Table 13 Applying the class-agnostic foreground map to the class-specific localization maps with different strategies on the PASCAL VOC 2012
Table 14 Applying BAS to CLISM and W-OoD on the PASCAL VOC 2012
Fig. 21
figure 21

Limitation. The density distribution map about IoU and object size. For WSOL, the experiment is implemented on ILSVRC and bounding boxes are used to measure IoU and object size. For WSSS, experimental results are calculated by pixel-level masks on the PASCAL VOC 2012 training set at the seed phase

6 Discussion

Limitation. In this section, we discuss the localization ability of BAS for different size objects. We first visualize the density distribution of the IoU about BAS and CAM (Zhou et al., 2016) in Fig. 21. It can be noted that BAS performs better on medium and large objects, but not enough on small objects.
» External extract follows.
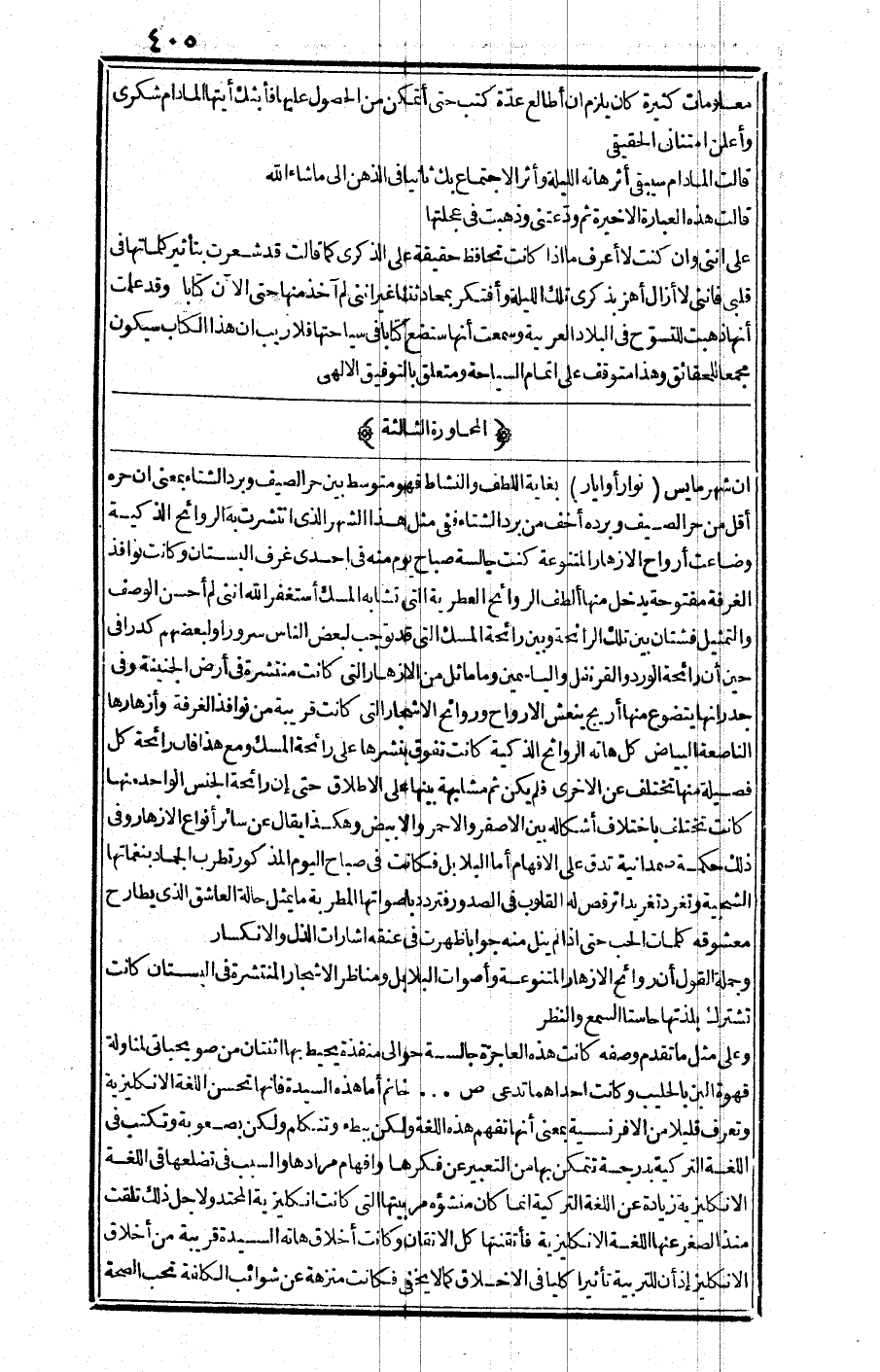 إن شهر مايس (نوار, أو أيار) بغاية اللطف والنشاط فهو متوسط بين حر الصيف وبرد الشتاء بمعنى أن حره أقل من حر الصيف وبرده أخف من برد الشتاء، ففي مثل هذا الشهر الذي انتشرت به الروائح الزكية وضاعت أرواح الأزهار المتنوعة كنت جالسة صباح يوم منه في إحدى عرف البستان وكانت نوافذ الغرفة مفتوحة يدخل منها ألطف الروائح العطرية التي تشبه المسك أستغفر الله إنني لم أحسن الوصف والتمثيل، فشتان بين تلك الرائحة وبين رائحة المسك التي قد توجب لبعض الناس سروراً ولبعضهم كدراً في حين أن رائحة الورد والقرنفل والياسمين وما ماثل من الأزهار التي كانت منتشرة في أرض الجنينة وفي جدرانها يتضوع منها أريج ينعش الأرواح، ورائحة الأشجار التي كانت قريبة من نوافذ الغرفة وأزهارها الناصعة البياض كل هاته الروائح الزكية كانت تفوق بنشرها على رائحة المسك، ومع هذا فإن رائحة كل فصيلة منها تختلف عن الأخرى فلم يكن ثمة مشابهة بينها الإطلاق، حتى أن رائحة الجنس الواحد منها كانت تختلف باختلاف أشكاله بين الأصفر والأحمر والأبيض، وهكذا يقال عن سائر أنواع الأزهار. وفي ذلك حكمة صمدانية تدق على الأفهام أما البلابل فكانت في صباح اليوم -المذكور- تطرب الجماد بنغماتها الشجية وتغرد تغريداً ترقص له القلوب في الصدور فتردد بأصواتها المطربة ما يمثل حالة العاشق الذي يطارح معشوقه كلمات الحب حتى إذا لم ينل منه جواباً ظهرت في عنقه إشارات الذل والانكسار.

We believe the main reason is the following two aspects: the localization of small objects is an inherent problem of computer vision, on the other hand, the area constraint loss penalizes different size objects unequally and will penalize small objects less, which causes BAS cannot balance both large and small objects with only a single hyperparameter to adjust the area constraint loss (Fig. 22).

Future Works. In the future, there are two main aspects of work, (1) improving the performance of the localization capability at different object sizes and (2) further extending the application of BAS.

To solve the issue of inconsistent localization ability for different size objects, we would like to explore the following promising researches: (1) The area constraint loss can be improved to allow different tolerance for objects of various sizes. (2) Based on the fact that WSOL works better for localizing large objects, we can determine the approximate region of the objects in the first stage, and then crop and resize the corresponding region to convert the original small object into a larger one, thereby performing localization in the second stage.

Table 15 Effect of applying image-specific threshold on different methods compared to global threshold on the PASCAL VOC 2012 training set
Fig. 22
figure 22

Finding image-specific threshold by BAS. a IoU-threshold curve and Loss-threshold curve. Loss indicates the summation of \({\mathcal {L}}_{bas}\) and \({\mathcal {L}}_{ac}\). b Process of finding the image-specific threshold by using \({\mathcal {L}}_{bas}\) and \({\mathcal {L}}_{ac}\) as evaluation

Apart from the above possible improvements, BAS can also be extended to weakly supervised instance segmentation (WSIS), since obtaining a high-quality locality map is also essential for WSIS.

7 Conclusion

In this paper, we find previous FPM-based work using cross-entropy to facilitate the learning of foreground prediction maps, essentially by changing the activation value, and the activation value shows a higher correlation with the foreground mask. Thus, we propose a background activation suppression (BAS) approach to promote the generation of foreground maps by an activation map constraint (AMC) module, which facilitates the learning of foreground prediction maps mainly through the suppression of background activation. Extensive experiments on CUB-200-2011 and ILSVRC verify the effectiveness of the proposed BAS, which surpasses previous methods by a large margin. In addition, BAS can also be extended on WSSS to enhance the seed quality of other methods by providing high quality foreground maps, and achieves the state-of-the-art performance on PASCAL VOC 2012 and MS COCO 2014.